930410 - 0.3 - first version of the manual
930410 - 0.4 - altered sampling; record top 50 scores
930502 - 0.5 - compute average/st.dev.; updated manual
930606 - 0.6 - consistent rotation angle definition
930615 - 1.0 - new production version; choice of interpolation
methods
931217 - 1.1 - more error checks
940316 - 1.2 - allow Polar angles; store 100 best solutions
940525 - 1.3 - removed bug from rotation matrix analysis routine
950216 - 1.4 - write TOP 100 solutions to the output file; don't
print analysis of NCS operator for each and every
new rotation step, to reduce output
951022 - 1.5 - made sensitive to OSYM
960412 - 1.6 - echo all input to help debug scripts
961111 - 1.7 - properly initialise array of best RT operators
961122 - 2.0 - dynamic memory allocation
From version 2.0 onward, NCS6D allocates memory for its map dynamically. This means that you can increase the size that the program can handle on the fly:
1 - through the environment variable MAPSIZE (must be in capital letters !), for example put the following in your .cshrc file or your script:
----- EXAMPLE ----- EXAMPLE ----- EXAMPLE ----- EXAMPLE ----- EXAMPLE ----- setenv MAPSIZE 8000000 ----- EXAMPLE ----- EXAMPLE ----- EXAMPLE ----- EXAMPLE ----- EXAMPLE -----
2 - by using command-line argument MAPSIZE (need not be in capitals), for example in your script:
----- EXAMPLE ----- EXAMPLE ----- EXAMPLE ----- EXAMPLE ----- EXAMPLE ----- run ncs6d -b mapsize 10000000 < ncs6d.inp >& ncs6d.out ----- EXAMPLE ----- EXAMPLE ----- EXAMPLE ----- EXAMPLE ----- EXAMPLE -----
Note that command-line argument takes precedence over the environment variable. So you can set the environment variable in your .cshrc file to a "typical" value, and if you have to deal with a map which is bigger than that, you can use the command-line argument.
If sufficient memory cannot be allocated, the program will print a message and quit. In that case, increase the amount of virtual memory (this will not help, of course, if you try to allocate more memory than can be addressed by your machine (for 32-bit machines, something 2**32-1 bytes, I think), or reduce the size requirements.
NCS6D needs space for 1 map.
NCS6D is a brute-force program to help you find NCS RT-operators in particular in MIR maps (when you do Molecular Replacement, the operators follow from superposition of the solutions you obtained).
NCS6D uses a set of BONES or PDB atoms as input and tries to find a set of rotations and translations which maximise the correlation coefficient between the density at the (BONES) atoms and those at the same atoms after application of the operator.

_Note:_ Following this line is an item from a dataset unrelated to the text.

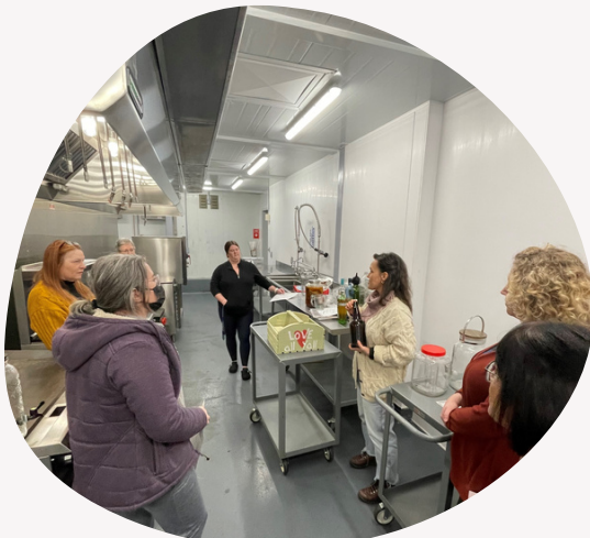
Food Skills Workshop

NOTE: this program is sensitive to the environment variable OSYM.
It should point to your local copy of $ODAT/symm, the directory
which contains the spacegroup symmetry operators in O format.
When asked for a file with spacegroup operators in O format,
you may either provide a filename, or the name of a sapcegroup
(including blanks if you like, case doesn't matter). The program
will try to open the following files, assuming that STRING is the
what you input:
(1) open a file called STRING
(2) if this fails, check if OSYM is defined and open $OSYM/STRING
(3) if this fails, open $OSYM/string.sym
(4) if this fails, open $OSYM/string.o
Hint: if you make soft links in the OSYM directory, you can also type
spacegroup numbers (e.g.: \ln -s p212121.sym 19.sym).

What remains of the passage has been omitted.